• **Work required**
Transcribe every line from the one containing "Beautiful 2 bedroom, 2" through the end of the records below, exactly, but not the pictures.

• **Stored data**
>>>>>

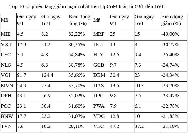 Trên UpCoM, cổ phiếu VXT, VGI có tuần thứ hai liên tiếp tăng mạnh, dù chỉ VGI có thanh khoản là đáng kể trong các phiên giao dịch.
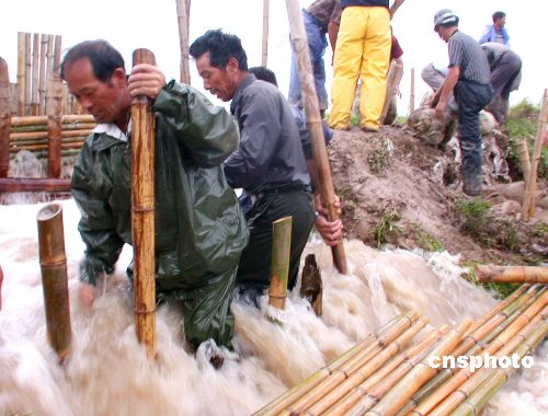 | 7月20日下午3時左右,因受5號臺風“海棠”影響,浙江溫嶺濱海鎮(zhèn)團結(jié)水系和金清水系交界的防洪堤,被沖開3米多長的決口,金清水系倒灌團結(jié)水系,水位落差達1米多,水流洶涌。如不及時修復決口,濱海鎮(zhèn)五灣以東的5萬多畝農(nóng)作物將面臨被淹沒的危險。發(fā)現(xiàn)險情后,該鎮(zhèn)立即組織一支30多人小分隊進行搶險堵缺,經(jīng)過4個多小時鏖戰(zhàn),防洪堤決口終于被堵上。作者:鄭玲富
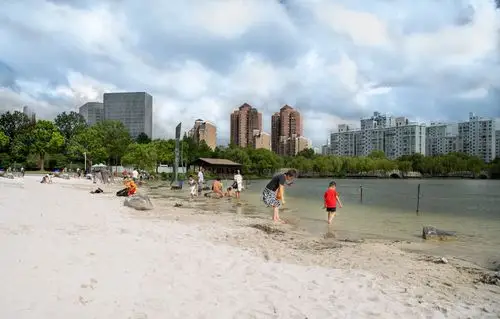 白色沙滩的湖边风光,中国上海市静安区大宁郁金香公园
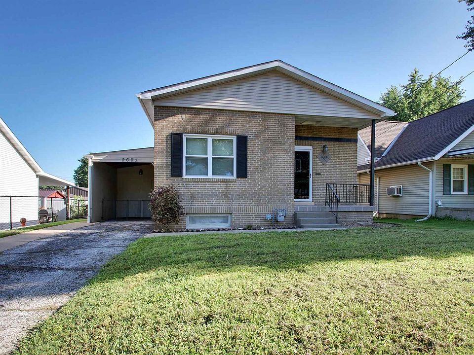 Beautiful 2 bedroom, 2 full bath brick home with lots of outdoor storage. Very nice newer 22 x 28 ft 2 car garage with a metal roof, a carport with a 10 x 14 ft storage building behind it. New light fixtures, carpet, paint, wi-fi thermostat, disposal, and added dishwasher. 10 x 12 ft covered patio. Finished basement with concrete flooring that includes a family room, den, and full bathroom for additional space. Fenced-in backyard. An abundance of storage in all the nooks and crannies. Come check out this fantastic home!
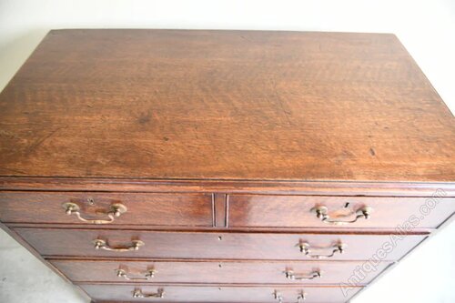 Antique Georgian Oak Chest of Drawers. George III oak chest of drawers, two short over three long drawers with brass swan neck handles on bracket feet.
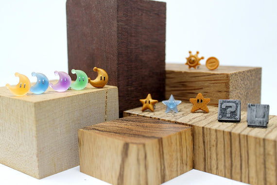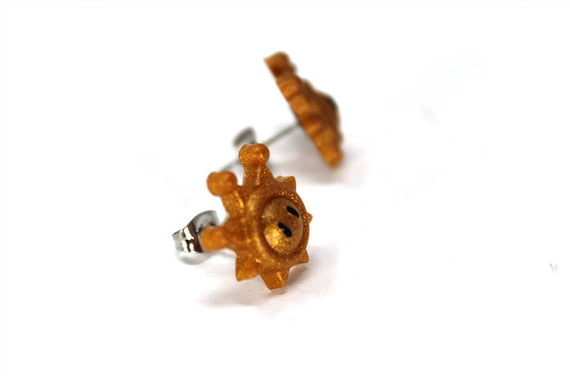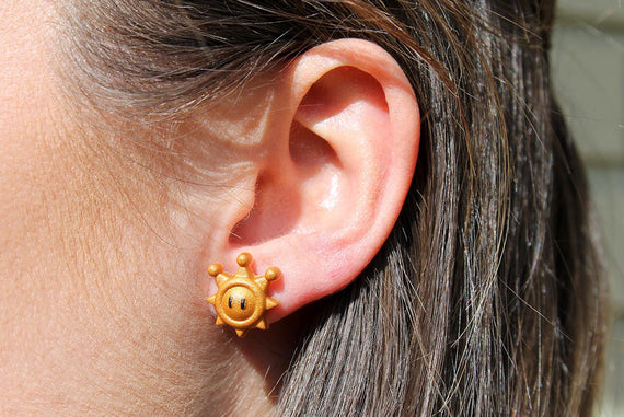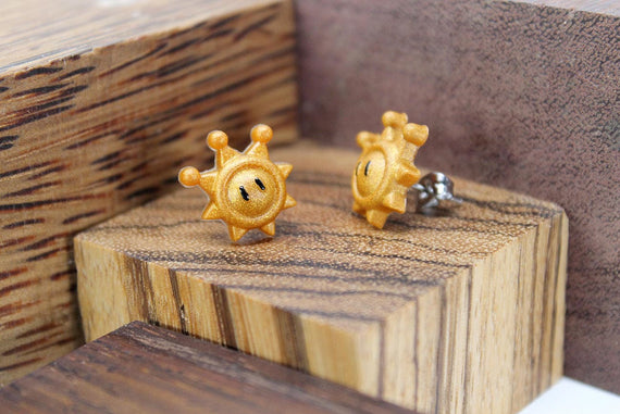 The Shine Sprite, a symbol of gorgeous sunshine and fun from the Delfino Isles. After wreaking havoc across the beautiful beaches and kidnapping princess peach, Bowsers son steals all of these little Shiny Sprites!! Its up to Mario to save the day and collect them all, and now you can help him by sporting these beautiful earrings!
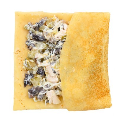 Целое блюдо в блине! Филе куриной грудки запеченное, грибы, лук, сыр моцарелла, сливочный соус.

<<<<<

• **Reply**
 Beautiful 2 bedroom, 2 full bath brick home with lots of outdoor storage. Very nice newer 22 x 28 ft 2 car garage with a metal roof, a carport with a 10 x 14 ft storage building behind it. New light fixtures, carpet, paint, wi-fi thermostat, disposal, and added dishwasher. 10 x 12 ft covered patio. Finished basement with concrete flooring that includes a family room, den, and full bathroom for additional space. Fenced-in backyard. An abundance of storage in all the nooks and crannies. Come check out this fantastic home!
 Antique Georgian Oak Chest of Drawers. George III oak chest of drawers, two short over three long drawers with brass swan neck handles on bracket feet.
 The Shine Sprite, a symbol of gorgeous sunshine and fun from the Delfino Isles. After wreaking havoc across the beautiful beaches and kidnapping princess peach, Bowsers son steals all of these little Shiny Sprites!! Its up to Mario to save the day and collect them all, and now you can help him by sporting these beautiful earrings!
 Целое блюдо в блине! Филе куриной грудки запеченное, грибы, лук, сыр моцарелла, сливочный соус.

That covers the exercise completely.